Devices & Diagnostics, Events, Patient Engagement

At HLTH, family showcases DIY robotic exoskeleton

Bodo and his daughter Lorelei Hoenen built their own robotic exoskeleton to restore function to Lorelei's paralyzed left arm when the traditional medical world failed them.

Lorelei wearing a arm brace made with lego bricks used in testing phase.

One of the more emotional moments at the HLTH conference came when father/daughter R&D team, Bodo and Lorelei Hoenen, described their efforts to build a robotic exoskeleton. Hoenen founded Dev4X, but this story is more about Lorelei.

Three years ago, when Lorelei was five, she developed a rare form of paralysis. By the time she was admitted to the hospital, she had lost all strength in her left arm and was having trouble moving, speaking and breathing.

Initially, Lorelei’s providers could not figure out what was wrong with her, and they weren’t particularly communicative with her parents.

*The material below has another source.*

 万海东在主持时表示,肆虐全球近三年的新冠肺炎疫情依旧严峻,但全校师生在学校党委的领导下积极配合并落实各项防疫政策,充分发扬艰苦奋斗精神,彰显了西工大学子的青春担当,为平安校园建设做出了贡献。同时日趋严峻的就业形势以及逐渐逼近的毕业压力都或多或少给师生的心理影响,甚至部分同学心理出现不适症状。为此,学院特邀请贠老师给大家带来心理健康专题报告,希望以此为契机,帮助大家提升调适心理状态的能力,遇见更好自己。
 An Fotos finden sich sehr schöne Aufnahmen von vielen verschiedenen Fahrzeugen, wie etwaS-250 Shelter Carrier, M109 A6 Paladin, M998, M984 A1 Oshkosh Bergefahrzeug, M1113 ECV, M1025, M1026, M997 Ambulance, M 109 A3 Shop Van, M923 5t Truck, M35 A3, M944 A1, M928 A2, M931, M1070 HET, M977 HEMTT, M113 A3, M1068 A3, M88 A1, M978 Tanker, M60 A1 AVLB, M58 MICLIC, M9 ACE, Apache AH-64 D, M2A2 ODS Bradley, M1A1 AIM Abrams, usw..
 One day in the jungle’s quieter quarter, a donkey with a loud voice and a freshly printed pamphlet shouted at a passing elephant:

“This was a pretty scary moment for us,” Hoenen said, “and it felt like they were just telling us to sit, be quiet and do as I tell you.”

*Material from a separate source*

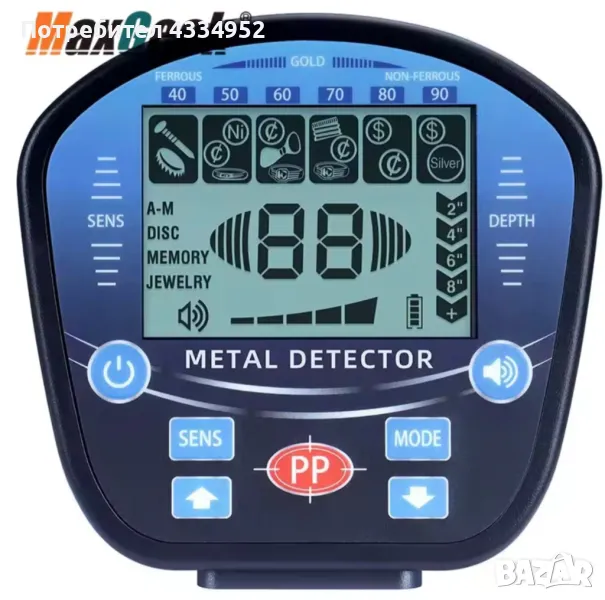 Дискриминация на металите,настройка на чувствителността,показва какъв е обекта и на каква дълбочина е има пинпоинтър,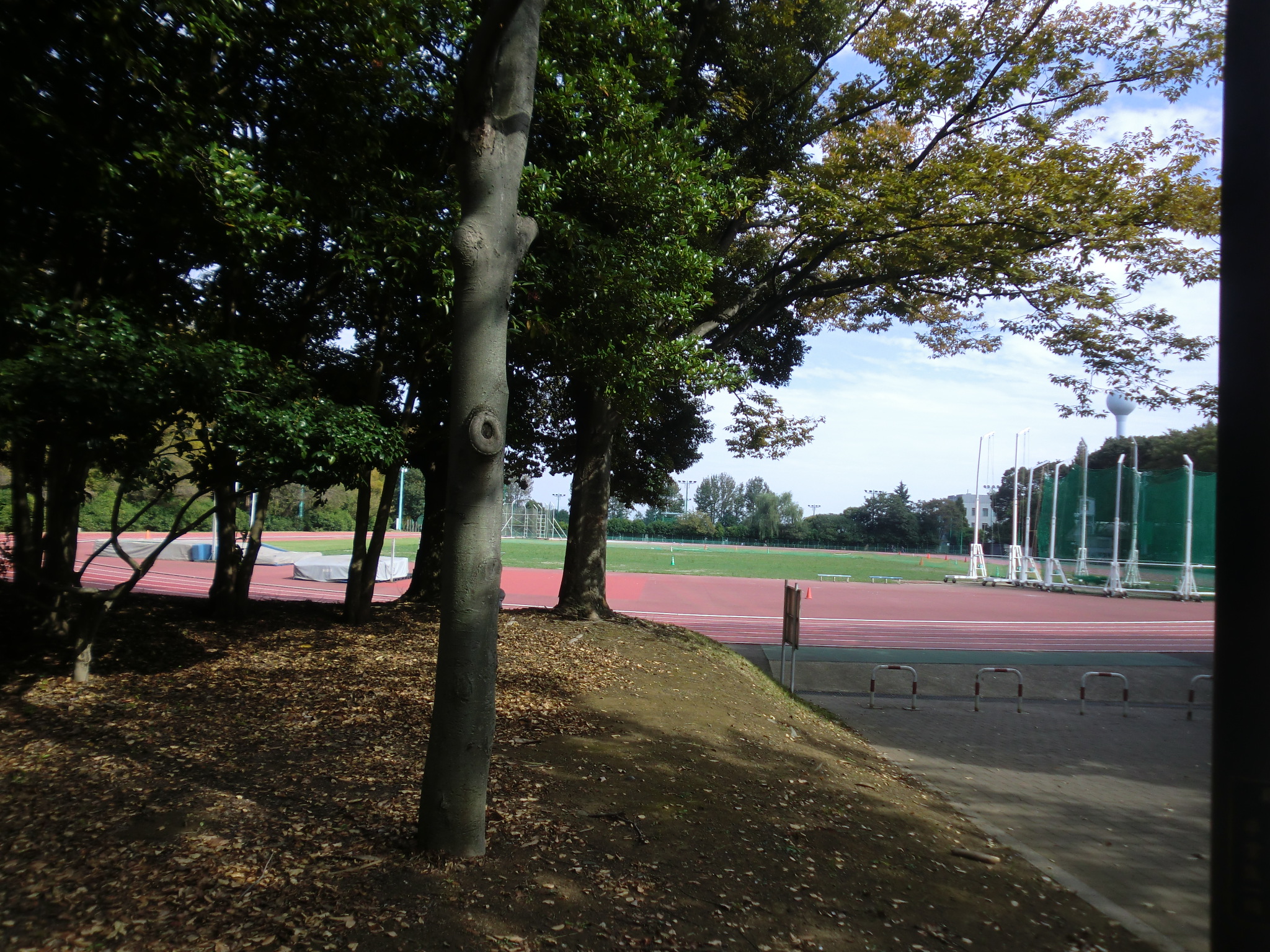 広い公園緑地と思ってしまいながらブラブラ歩いていると、ふと娘が、「家が見える!」・・・確かにグラウンドの向こうに、新築6棟が並んでいるのが見えました。家から大学が一望できたから、お互い様のようです。

Eventually, Lorelei was diagnosed with acute flaccid myelitis, a condition that causes spinal cord inflammation. Hoenen consulted with experts and reached out to other families who had received the diagnosis. The doctors told him Lorelei was going to be fine, but his independent research told him otherwise. Many of the families he contacted had children who never fully recovered.

“There was this huge disconnect,” Hoenen said. “On the one hand, our doctors were saying don’t worry, she’s young enough, she’s going to bounce back. On the other hand, the parents were saying their kids are still in the hospital or have paralyzed limbs.”

Dissatisfied with the answers they were getting from their medical team, Hoenen and Lorelei started researching ways to help overcome the ongoing paralysis in her arm, looking at robotic exoskeletons that could sense nerve signals to muscles and move frozen limbs. In some cases, these exoskeletons could even support rehabilitation and help restore function.

The family couldn’t afford one of these devices – and the companies didn’t want to share proprietary technology – so the Hoenen’s decided to build one. They just didn’t really know how to do it.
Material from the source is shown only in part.